Constituency details
- Country: India
- Region: East India
- State: Odisha
- Division: Southern Division
- District: Kalahandi
- Lok Sabha constituency: Kalahandi
- Established: 1951
- Total electors: 2,34,424
- Reservation: SC

Member of Legislative Assembly
- 17th Odisha Legislative Assembly
- Incumbent Sagar Charan Das
- Party: Indian National Congress
- Elected year: 2024

= Bhawanipatna Assembly constituency =

Constituency of the Odisha legislative assembly in India

Bhawanipatana (Odia: ଭବାନୀପାଟଣା) is a Bidhan Sabha constituency of Kalahandi district, Odisha.

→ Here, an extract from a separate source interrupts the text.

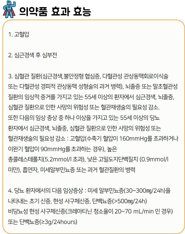 이 의약품은 혈관을 확장하고 심장부담을 감소시켜 혈압을 강하시키는 약이니 참고하시길 바랍니다.

After 2008 Delimitation, Kesinga Assembly constituency was subsumed into this constituency.

This constituency includes the district HQ town Bhawanipatna, Kesinga, 25 Gram panchayats (Madiguda, Chahagaon, Karlapada, Chheliamal, Kalam, Karlaguda, Thuapadar, Dadpur, Deypur, Gudialipadar, Kamthana, Kuliamal, Gand-Barajhola, Medinipur, Seinpur, Palsijharan, Udepur, Matia, Borda, Kendupati, Gurujung, Borbhata, Dumuria, Artal and Palana) of Bhawanipatna block and 17GPs (Adhamunda, Balsi, Boria, Chancher, Deogaon, Fatakmal, Gaigaon, Gokuleswar, Kandel, Kikia, Kundabandha, Laitara, Nasigaon, Pastikudi, Patharla, Sirol and Utkela) of Kesinga block.

==Elected members==

Since its formation in 1951, 18 elections were held till date including in one bypoll in 1957. It was a 2 member constituency for 1952 & 1957.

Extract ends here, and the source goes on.